Sementara ABK menjadi satu awak dengan kapalnya.”Jadi, sebenarnya dia (ABK) yang seharusnya memberikan service kepada passenger,” tuturnya.
Ia menjelaskan, bahwa pertama kali yang terkena virus corona dalam kapal Diamond Princess tersebut adalah penumpangnya.
Menurutnya, berita terkhir di media mengatakan, ada sekitar tiga hingga empat orang ABK Indonesia yang ikut terinfeksi.
“Apakah ini memang up to date, apakah memang itu dikeluarkan oleh pemerintah, itu yang saya melihatnya masih sumir. Saya sendiri belum dapat informasi tentang itu,” jelasnya.
Dirinya menilai, karena kapal Diamond Princess ini juga merupakan sebuah perusahaan, dengan asalan privasi makanya Kementerian Luar Negeri (Kemenlu) agak tertutup mengenai hal tersebut.
Dirinya berharap, agar pemerinta menghubungi keluarga ABK yang bersangkutan untuk memberikan ketenangan.
“Kalau tertutup pun tidak jadi masalah sebenarnya, tapi minimal pihak keluarga dikasih tahu biar mereka tidak was-was,” kata dia.

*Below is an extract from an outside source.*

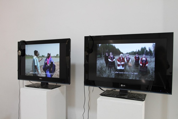 Untitled (Broniów Song) (2011) is a collaboration between Alicja Rogalska and Polish folk-group Broniowianki making a ‘contemporary’ folk song looking at unemployment in rural Poland after entering the EU. Both the artist and folk group were interviewed, discussing politics of representation and providing contrasting views of the project.
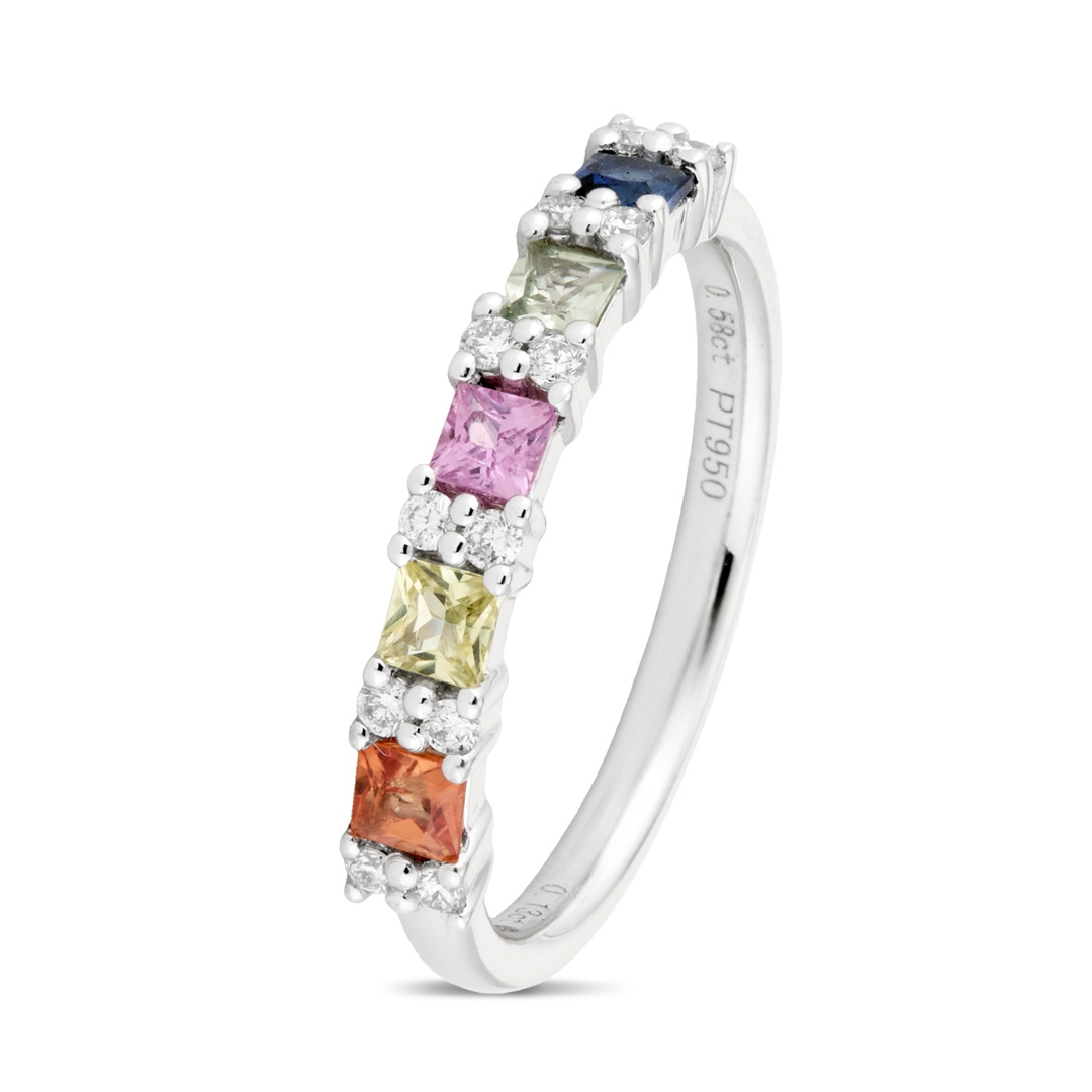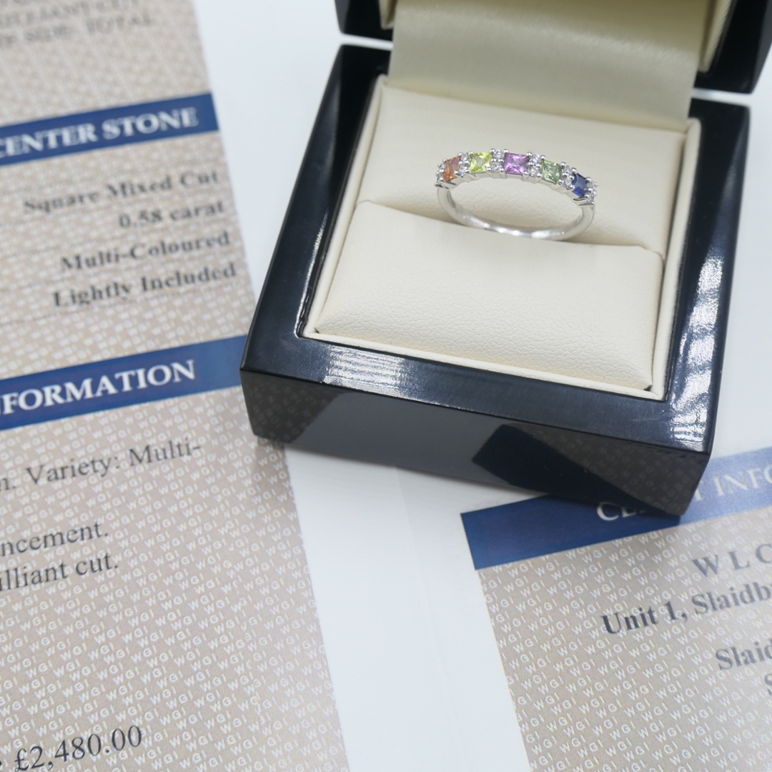 This stunning ring perfectly unites the joyful vibrancy of multicoloured sapphires with the timeless sparkle of natural diamonds — a radiant symbol of elegance, artistry and lasting value.

Ia juga berkeyakinan, bahwa para ABK sudah secara intensif menghubungi pihak keluarga. Sebab, dari pihak keluarga tidak ada menghubungi pihak KP menanyakan keluarga mereka.
Hal itu dikarenakan para ABK diatas kapal tidak dilakukan pembatasan untuk melakukan komunikasi.
“Mungkin hal itu juga yang menyebabkan tidak ada satupun pihak keluarga yang saya dengar melapor kepada instansi, pemerintah atau kami sendiri di KPI,” jelasnya.